Não podemos, pois, contemporizar com a insistentemente alegada “falta de fundamentação formal” do despacho de reversão, o que determina, consequentemente, a falência das alegadas inconstitucionalidades suscitadas que na procedência daquelas outras alegações de falta de fundamentação, se louvavam.

Não será, pois, com este fundamento, provido o recurso.

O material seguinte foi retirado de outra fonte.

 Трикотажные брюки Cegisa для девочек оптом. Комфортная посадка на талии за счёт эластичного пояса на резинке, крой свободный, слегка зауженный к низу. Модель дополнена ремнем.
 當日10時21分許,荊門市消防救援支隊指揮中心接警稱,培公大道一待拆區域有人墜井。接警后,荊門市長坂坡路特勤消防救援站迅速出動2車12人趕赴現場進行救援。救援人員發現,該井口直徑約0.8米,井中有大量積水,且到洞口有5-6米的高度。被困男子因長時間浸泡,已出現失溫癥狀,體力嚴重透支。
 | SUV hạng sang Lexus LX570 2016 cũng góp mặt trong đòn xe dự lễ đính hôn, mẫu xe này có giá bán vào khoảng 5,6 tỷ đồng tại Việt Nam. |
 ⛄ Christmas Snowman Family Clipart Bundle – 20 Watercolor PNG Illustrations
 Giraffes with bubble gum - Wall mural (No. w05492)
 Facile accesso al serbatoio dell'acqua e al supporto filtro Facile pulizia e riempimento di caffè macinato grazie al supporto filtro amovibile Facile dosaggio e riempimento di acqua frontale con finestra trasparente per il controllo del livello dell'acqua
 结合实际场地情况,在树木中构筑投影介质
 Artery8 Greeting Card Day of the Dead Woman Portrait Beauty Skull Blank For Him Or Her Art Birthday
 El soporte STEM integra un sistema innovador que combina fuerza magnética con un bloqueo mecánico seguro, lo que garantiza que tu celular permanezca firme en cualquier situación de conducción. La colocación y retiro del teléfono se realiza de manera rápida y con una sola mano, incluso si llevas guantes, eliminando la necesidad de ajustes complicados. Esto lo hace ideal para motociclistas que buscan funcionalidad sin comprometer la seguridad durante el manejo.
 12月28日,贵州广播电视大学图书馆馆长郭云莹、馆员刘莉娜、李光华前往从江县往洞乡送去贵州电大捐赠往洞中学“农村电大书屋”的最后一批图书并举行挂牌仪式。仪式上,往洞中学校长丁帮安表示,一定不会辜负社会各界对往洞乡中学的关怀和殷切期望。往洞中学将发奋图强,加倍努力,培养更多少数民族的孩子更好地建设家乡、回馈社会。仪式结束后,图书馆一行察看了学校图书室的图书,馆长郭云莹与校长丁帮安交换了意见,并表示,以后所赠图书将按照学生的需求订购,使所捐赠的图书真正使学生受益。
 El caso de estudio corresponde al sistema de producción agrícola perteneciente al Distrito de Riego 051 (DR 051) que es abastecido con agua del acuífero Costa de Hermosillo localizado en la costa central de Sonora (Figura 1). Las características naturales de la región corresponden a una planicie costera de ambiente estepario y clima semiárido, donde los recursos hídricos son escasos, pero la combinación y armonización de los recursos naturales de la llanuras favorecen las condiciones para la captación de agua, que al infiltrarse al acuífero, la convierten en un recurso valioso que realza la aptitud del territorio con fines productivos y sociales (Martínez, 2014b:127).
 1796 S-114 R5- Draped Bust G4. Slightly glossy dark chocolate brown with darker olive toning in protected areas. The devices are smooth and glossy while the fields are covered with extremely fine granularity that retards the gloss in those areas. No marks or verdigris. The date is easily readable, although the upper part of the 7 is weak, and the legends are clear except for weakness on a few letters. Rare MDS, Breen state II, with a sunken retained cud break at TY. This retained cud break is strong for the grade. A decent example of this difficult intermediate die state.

3.2.2. Relativamente à questão do conhecimento em sede de Oposição da arguição de nulidade da citação realizada em processo de execução, limitamo-nos a confirmar a decisão do tribunal a quo, por não ser minimamente discutível que essa arguição tem, antes de mais, que ser suscitada junto do órgão de execução fiscal, a quem compete, num primeiro momento, dela conhecer e decidir e, só após essa decisão, sendo desfavorável ao arguente, pode ser submetida em juízo, por meio de reclamação do acto do Chefe prevista e regulamentada nos artigos 276.º e seguintes do CPPT. É este entendimento que se mostra firmado em múltiplos acórdãos desta Secção, incluindo em formação de Pleno, remetendo-se as partes, nesta parte, para o acórdão de 2 de Abril de 2014, proferido no processo 247/14, integralmente disponível em www.dgsi.pt, por neste ter sido realizado uma lista amplíssima dos arestos que sobre esta matéria, e sempre no mesmo sentido, foram proferidos até àquela data, sendo que, até hoje, essa jurisprudência não sofreu qualquer alteração.

Improcedem, pois, também nesta parte, as alegações da Recorrente e, com ela, se conclui pelo naufrágio total da pretensão recursória.

3.3. As custas serão suportadas pela Recorrente, integralmente vencida (artigo 527.º, n.ºs 1 e 2 do CPC, aplicável ex vi artigo 281.º do CPPT).

4. DECISÃO

Termos em que, acordam os Juízes que integram a Secção de Contencioso Tributário do Supremo Tribunal Administrativo, negar provimento ao recurso jurisdicional.

Custas pela Recorrente.

Registe e notifique.

Lisboa, 25 de Janeiro de 2023 – Anabela Ferreira Alves e Russo (relatora) – Nuno Filipe Morgado Teixeira Bastos – Gustavo André Simões Lopes Courinha.